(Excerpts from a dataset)
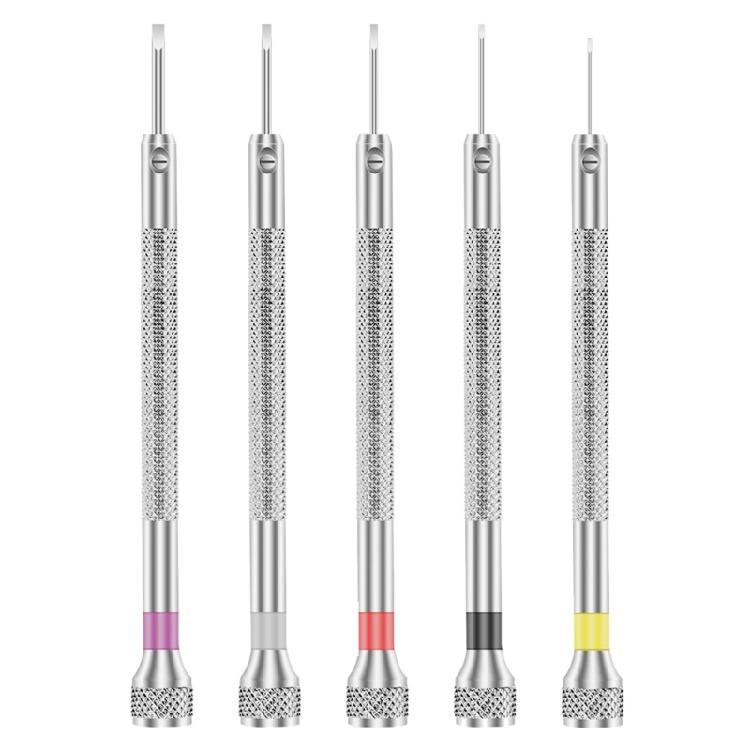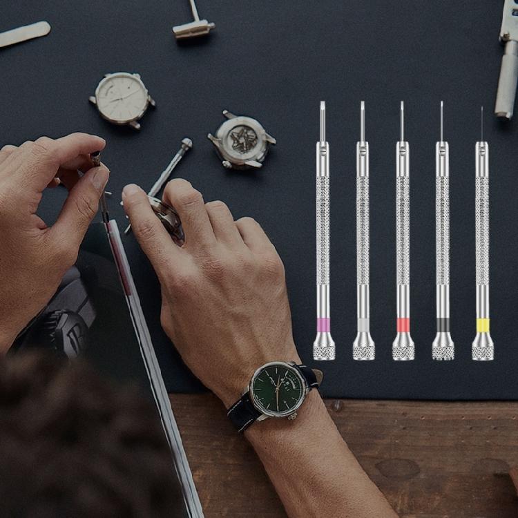 профессиональный (3 шт.) Набор отверток для ремонта часов отличается легкой, но прочной рукояткой из алюминиевого сплава и наконечниками из закаленной углеродистой стали, предназначенными для точной работы с деликатными часовыми механизмами благодаря тонким сменным головкам и вращающемуся хвостовику, снижающему усталость.
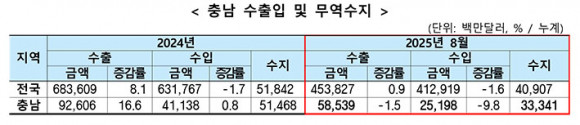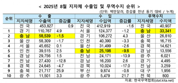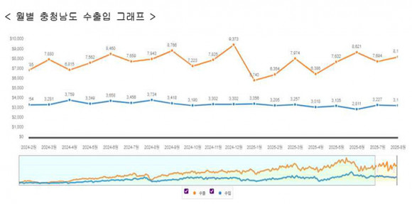 µµ´Â 25ÀÏ ¡®2025³â 8¿ù ÃæÃ»³²µµ ¼öÃâÀÔ µ¿Çâ º¸°í¡¯ ¹ßÇ¥¸¦ ÅëÇØ ¼öÃâ¾× 585¾ï ´Þ·¯, ¼öÀÔ¾× 252¾ï ´Þ·¯¸¦ ±â·ÏÇØ ¹«¿ª¼öÁö 333¾ï ´Þ·¯ ÈæÀÚ¸¦ ´Þ¼ºÇß´Ù°í ¹àÇû´Ù.
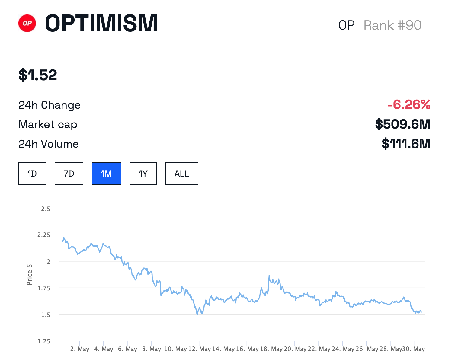 Due to unlocks, some community members are “expecting a huge price dump.” As of writing, the OP token is trading at $1.52, down by about 6.26% in the past 24 hours. It has a market capitalization of $509.6 million and ranks 90th.
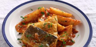 Βακαλάος αγιορείτικος με πατάτες και κόκκινη σάλτσα
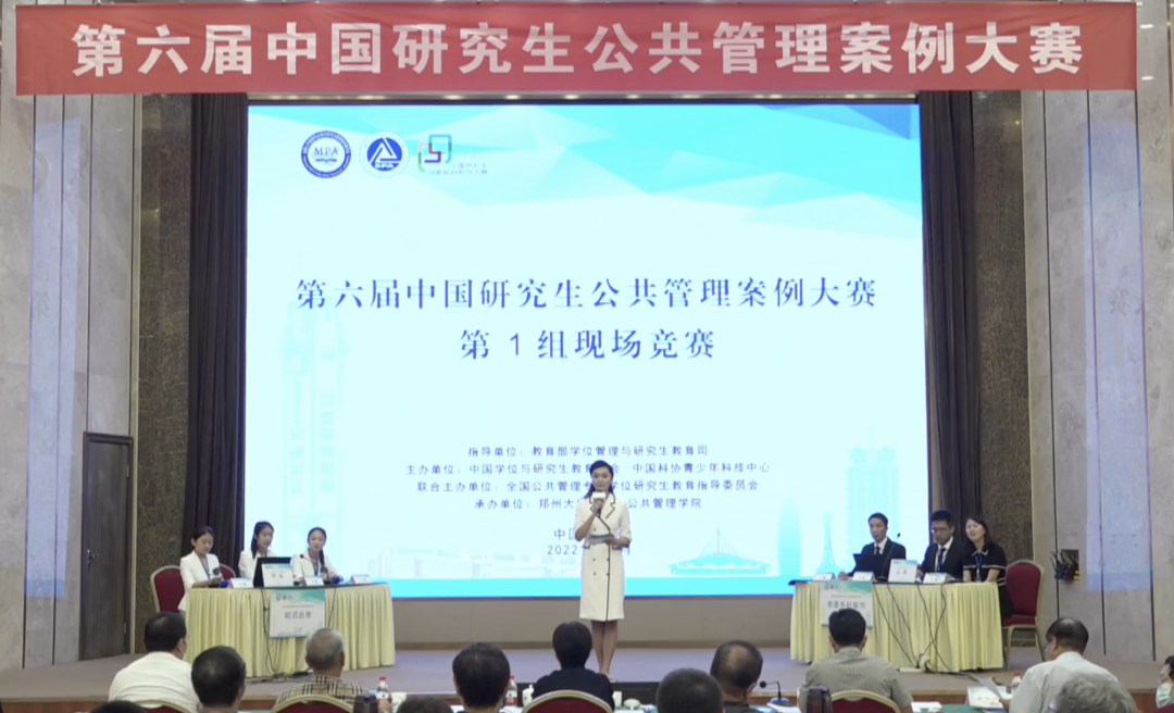 “中国研究生创新实践系列大赛”是目前我国唯一被政府认可和指导的专门面向研究生群体的全国性赛事。中国研究生公共管理案例大赛是“中国研究生创新实践系列活动”主题赛事之一,旨在引导相关学科研究生关注我国公共管理实际问题,通过比赛过程提高运用公共管理理论和公共政策分析方法解决实际问题的能力,使MPA教育与公共管理实践、与国家发展大局更加紧密结合。第六届中国研究生公共管理案例大赛由教育部学位管理与研究生教育司指导,中国学位与研究生教育学会、中国科协青少年科技中心主办,全国公共管理专业学位研究生教育指导委员会联合主办,郑州大学政治与公共管理学院承办。除现场参赛、评审和观摩之外,本次大赛还同播直播,吸引了30万余人在线观看。

# Problem description:
Repeat exactly the lines from the one containing "Due to unlocks, some" through the last line of the records above, both included, and leave out the pictures.

# Your solution:
 Due to unlocks, some community members are “expecting a huge price dump.” As of writing, the OP token is trading at $1.52, down by about 6.26% in the past 24 hours. It has a market capitalization of $509.6 million and ranks 90th.
 Βακαλάος αγιορείτικος με πατάτες και κόκκινη σάλτσα
 “中国研究生创新实践系列大赛”是目前我国唯一被政府认可和指导的专门面向研究生群体的全国性赛事。中国研究生公共管理案例大赛是“中国研究生创新实践系列活动”主题赛事之一,旨在引导相关学科研究生关注我国公共管理实际问题,通过比赛过程提高运用公共管理理论和公共政策分析方法解决实际问题的能力,使MPA教育与公共管理实践、与国家发展大局更加紧密结合。第六届中国研究生公共管理案例大赛由教育部学位管理与研究生教育司指导,中国学位与研究生教育学会、中国科协青少年科技中心主办,全国公共管理专业学位研究生教育指导委员会联合主办,郑州大学政治与公共管理学院承办。除现场参赛、评审和观摩之外,本次大赛还同播直播,吸引了30万余人在线观看。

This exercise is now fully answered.